Where Metrics Go Wrong

Where-metrics-go-wrong_by_webaceOf course, it’s okay to track some of these metrics internally within your department if they will help you make better marketing decisions. But it’s best to avoid sharing them with other executives unless you’ve previously established why they matter.

Vanity Metrics

Too often, marketers rely on “feel good” measurements to justify their marketing spend. Instead of pursuing metrics that measure business outcomes and improve marketing performance and profitability, they opt for metrics that sound good and impress people. Some common examples include press release impressions, Facebook “Likes”, and names gathered at trade shows.

 

Measuring what is easy

When it is difficult to measure revenue and profit, marketers often end up using metrics that stand in for those numbers. This can be OK in some situations, but it raises the question in the mind of fellow executives whether those metrics accurately reflect the financial metrics they really want to know about. This forces the marketer to justify the relationship and can put a strain on marketing’s credibility.

Focusing on quantity, not quality

According to a 2010 Lenskold Group / e-media Lead Generation Marketing ROI Study, the number one metric used by lead generation marketers is lead quantity, whereas barely half of marketers measure lead quality. Focusing on quantity without also measuring quality can lead to programs that look good initially but don’t deliver profits. (To take this idea to the extreme, the phone book is an abundant source of “leads” if you only measure quantity, not quality.)

Activity, not results

Marketing activity is easy to see and measure (costs going out the door), but marketing results are hard to measure.

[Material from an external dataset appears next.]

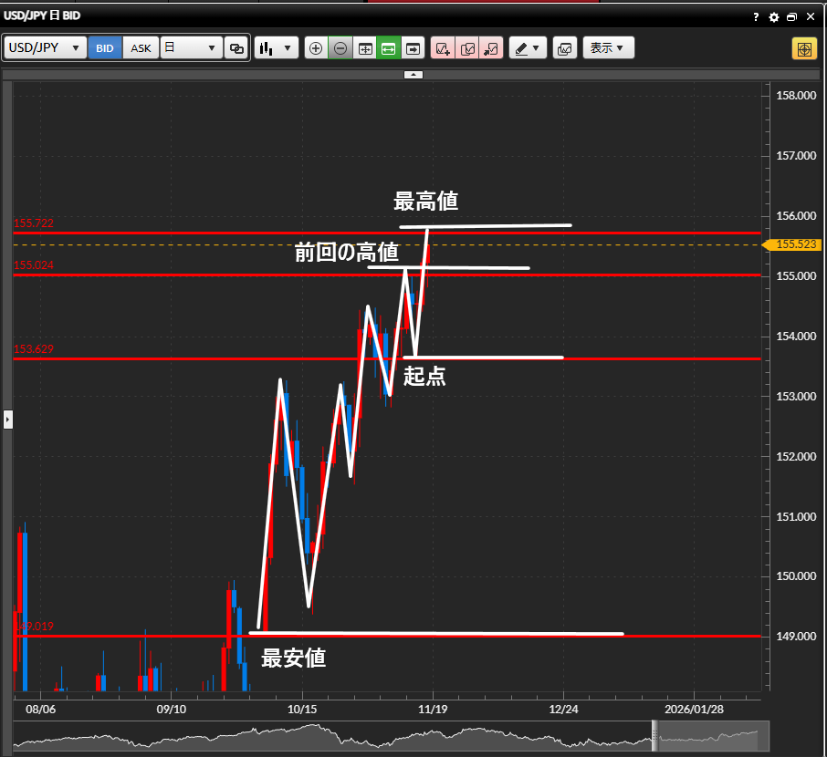 今日の【2025年11月19日】のドル円の環境認識をまとめました。♪(^∇^*)

In contrast, sales activity is hard to measure, but sales results (revenue coming in) are easy to measure. Is it any wonder, then, that sales tends to get the credit for revenue, but marketing is perceived as a cost center?

Efficiency instead of effectiveness

In a related point, Kathryn Roy of Precision Thinking suggests paying attention to the difference between effectiveness metrics (doing the right things) and efficiency metrics (doing – possibly the wrong – things well). For example, having a packed event is no good if it’s full of all the wrong people. Effectiveness convinces sales, finance and senior management that marketing delivers quantifiable value. Efficiency metrics are likely to produce questions from the CFO and other financially-oriented executives; they will be no defense against efforts to prune your budget in difficult times.